**Problem requirements**
Find "Wrap up a pretty, polished" in the entries below; copy that line through the last, exactly, with no pictures.
_ _ _ _ _ _ _
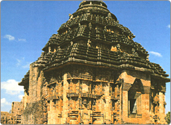 A visual masterpiece, the solitary Sun Temple is a masterpiece surrounded by the drifting sands. The theme of worshipping the sun god is central to India. The presiding deity Konark, kona (corner) and arka (sun) lends its name to the temple. The Sun Temple has been designed in the form of a huge chariot carrying the Sun God across the heavens. The wheels of the chariot are the most awesome part of the structure and the eroticism of the sculptures can be compared with the temples of Khajuraho.
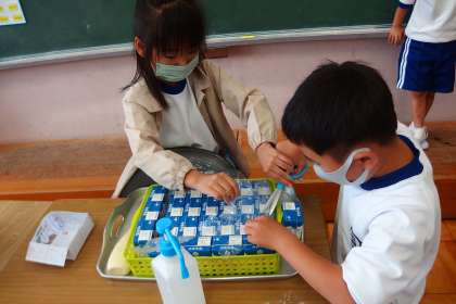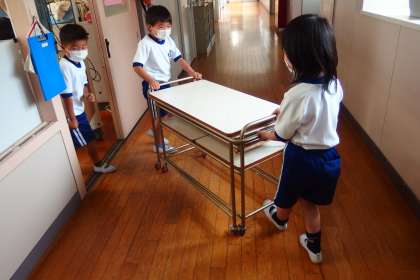 1年生も自分たちだけで配膳ができるようになってきました。
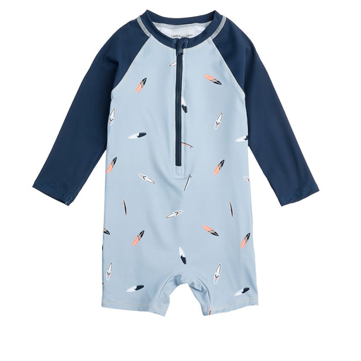 Miles The LabelThis long-sleeved swim romper offers extra protection for delicate skin. It’s skintight and features a high neckline and a long zip along the front...
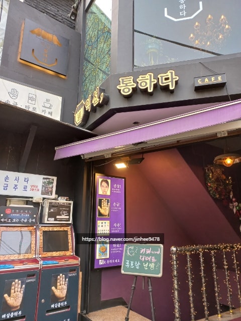 입구와 계단에서부터 보라색이 몽롱하면서 신비로운 분위기로 신점, 점쟁이보다 접근하기 쉬울 것 같다.
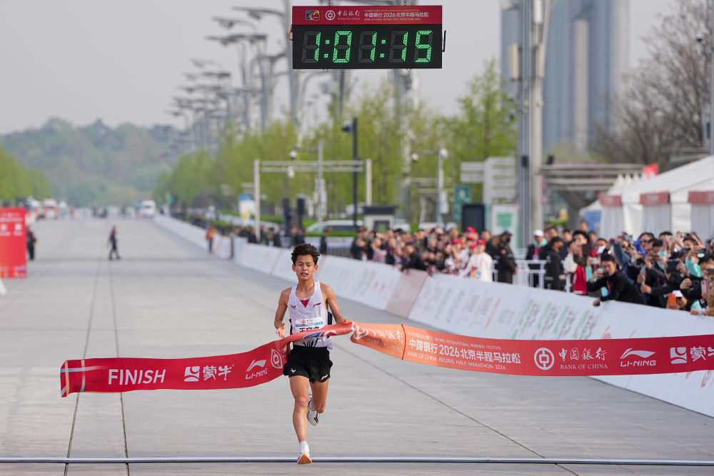 在12日进行的北京半程马拉松赛上,中国选手王文杰以1小时1分15秒的枪声成绩刷新了国内男子半马最好成绩。此前的国内男子半马最好成绩是于水庆在2025年2月创造的1小时1分46秒。(新华社)
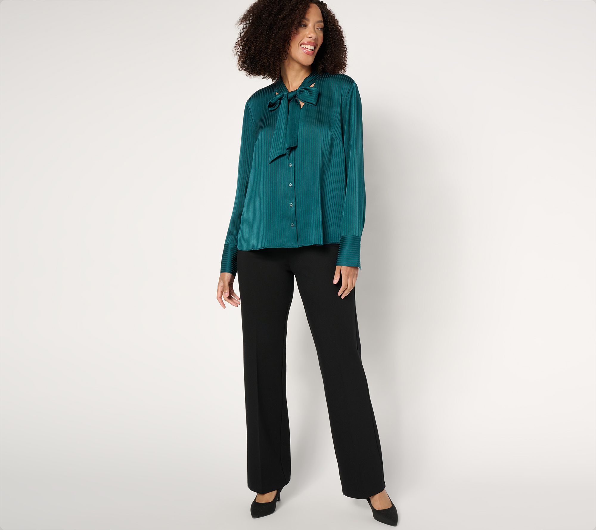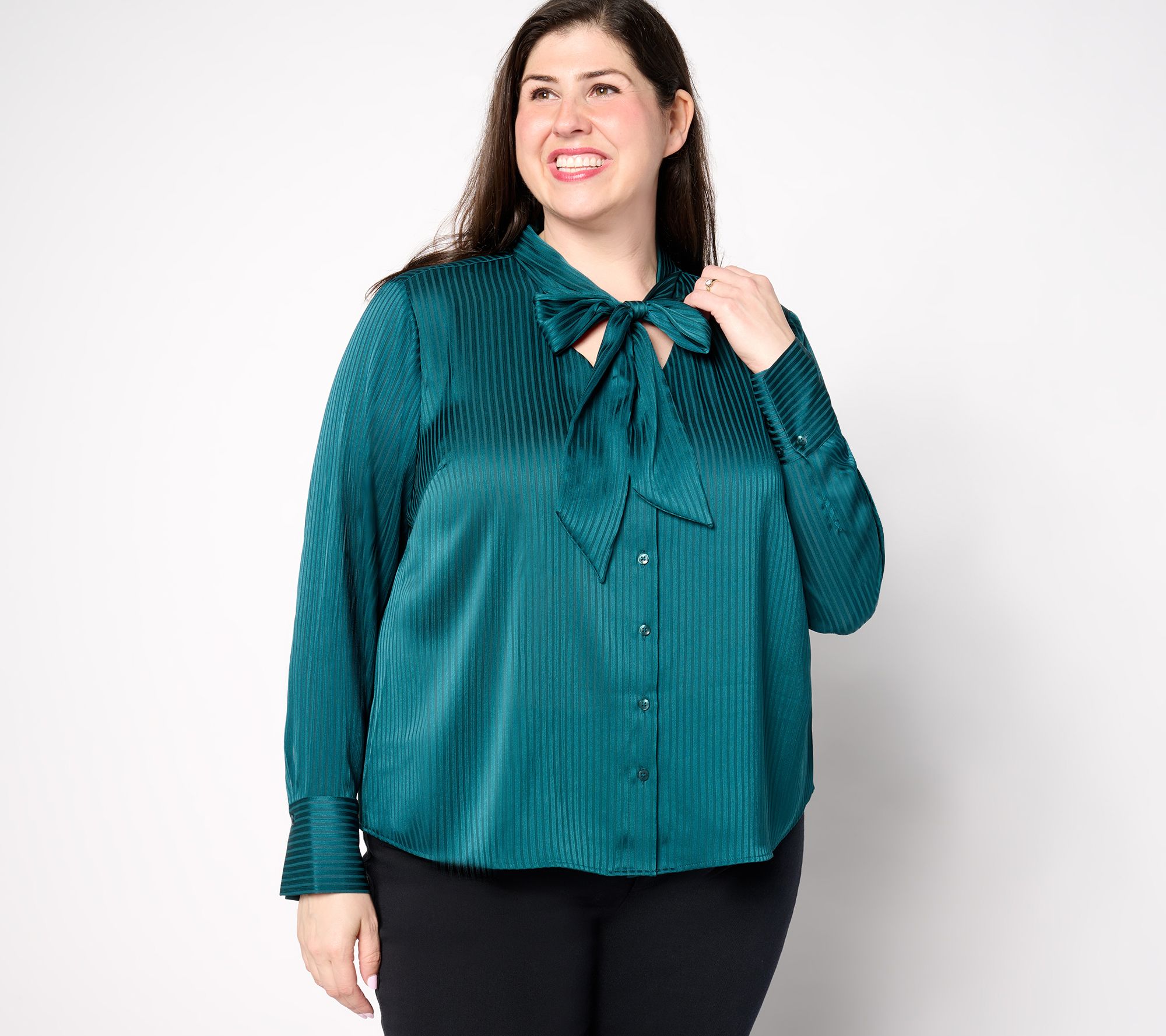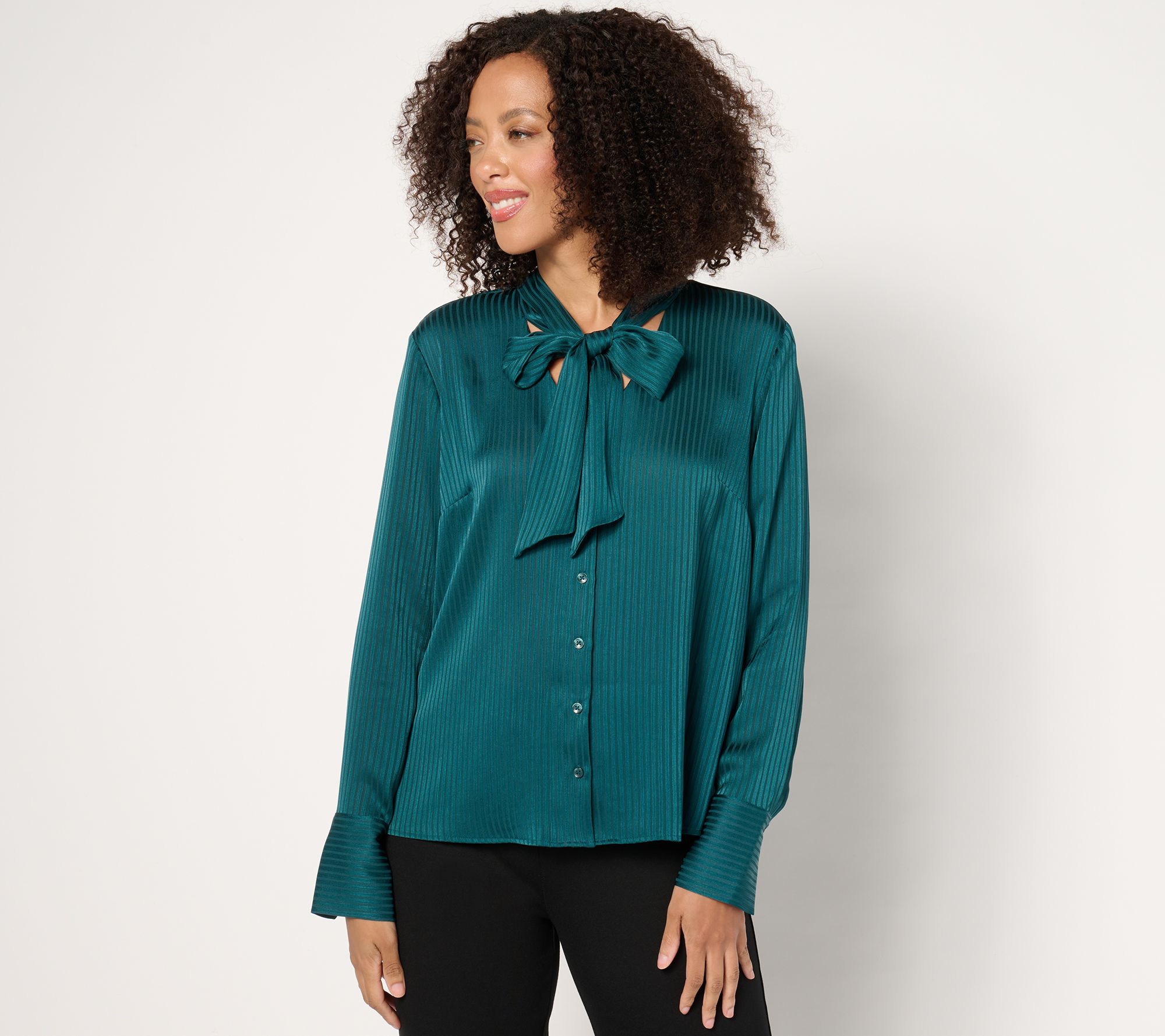 Wrap up a pretty, polished look (that'll extend well beyond the festive season) with this silky bow blouse. We love how the extended cuffs and tailored button-front work beneath a blazer for the office or more formal events. From BEAUTIFUL by Lawrence Zarian.
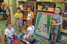 С целью закрепления алгоритма перехода дороги по пешеходному переходу детьми старшей группы "Радуга" была представлена игра-драмматизация "Остановись! Посмотри! Перейди!"
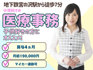 【地下鉄宮の沢駅から徒歩7分】医療事務経験必須!月給190,000円◎賞与4ヵ月/昇給あり!マイカー通勤可/無料駐車場完備/受付・医療事務/にこにこ小児科クリニック
_ _ _ _ _ _ _
**Answer for this exercise**
 Wrap up a pretty, polished look (that'll extend well beyond the festive season) with this silky bow blouse. We love how the extended cuffs and tailored button-front work beneath a blazer for the office or more formal events. From BEAUTIFUL by Lawrence Zarian.
 С целью закрепления алгоритма перехода дороги по пешеходному переходу детьми старшей группы "Радуга" была представлена игра-драмматизация "Остановись! Посмотри! Перейди!"
 【地下鉄宮の沢駅から徒歩7分】医療事務経験必須!月給190,000円◎賞与4ヵ月/昇給あり!マイカー通勤可/無料駐車場完備/受付・医療事務/にこにこ小児科クリニック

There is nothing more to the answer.